▶ _Exercise instructions_
Nothing should appear in the answer except the lines below from the line containing "Alternatively, you can" through the line containing "from handle to", copied exactly, with pictures left out.
-- Input records follows --
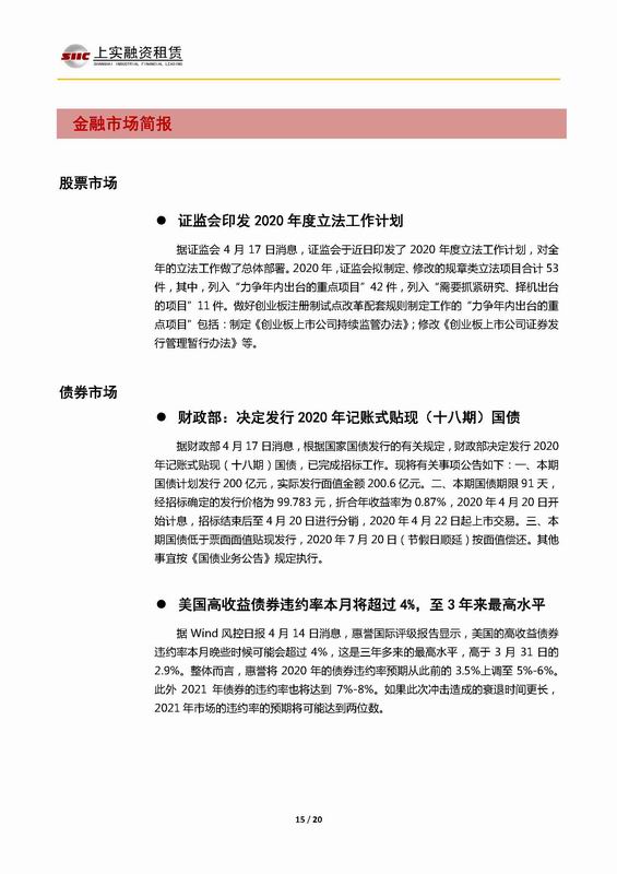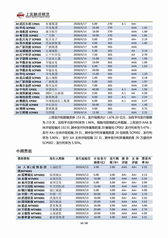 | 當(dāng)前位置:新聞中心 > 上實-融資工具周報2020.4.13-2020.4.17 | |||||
-- Input records concluded --
-- Input records follows --
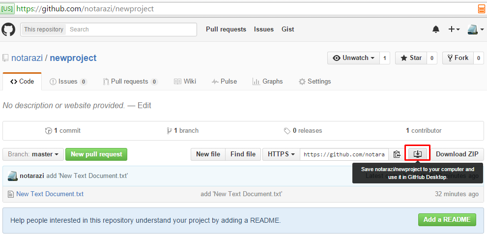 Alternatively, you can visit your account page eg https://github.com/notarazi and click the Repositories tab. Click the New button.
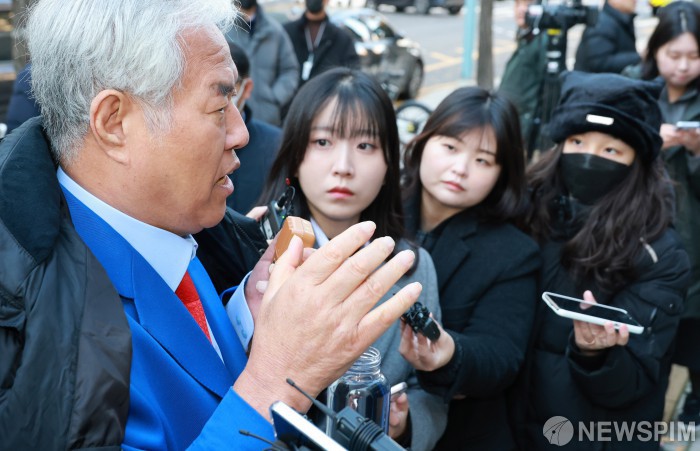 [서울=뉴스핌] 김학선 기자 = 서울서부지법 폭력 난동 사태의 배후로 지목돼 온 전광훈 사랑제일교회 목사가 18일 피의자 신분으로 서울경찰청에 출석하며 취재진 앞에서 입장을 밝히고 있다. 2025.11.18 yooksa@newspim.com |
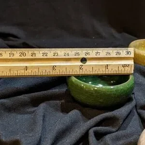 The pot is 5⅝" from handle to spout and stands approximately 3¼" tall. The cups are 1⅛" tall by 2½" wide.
-- Input records concluded --
▶ _Worked solution_
 Alternatively, you can visit your account page eg https://github.com/notarazi and click the Repositories tab. Click the New button.
 [서울=뉴스핌] 김학선 기자 = 서울서부지법 폭력 난동 사태의 배후로 지목돼 온 전광훈 사랑제일교회 목사가 18일 피의자 신분으로 서울경찰청에 출석하며 취재진 앞에서 입장을 밝히고 있다. 2025.11.18 yooksa@newspim.com |
 The pot is 5⅝" from handle to spout and stands approximately 3¼" tall. The cups are 1⅛" tall by 2½" wide.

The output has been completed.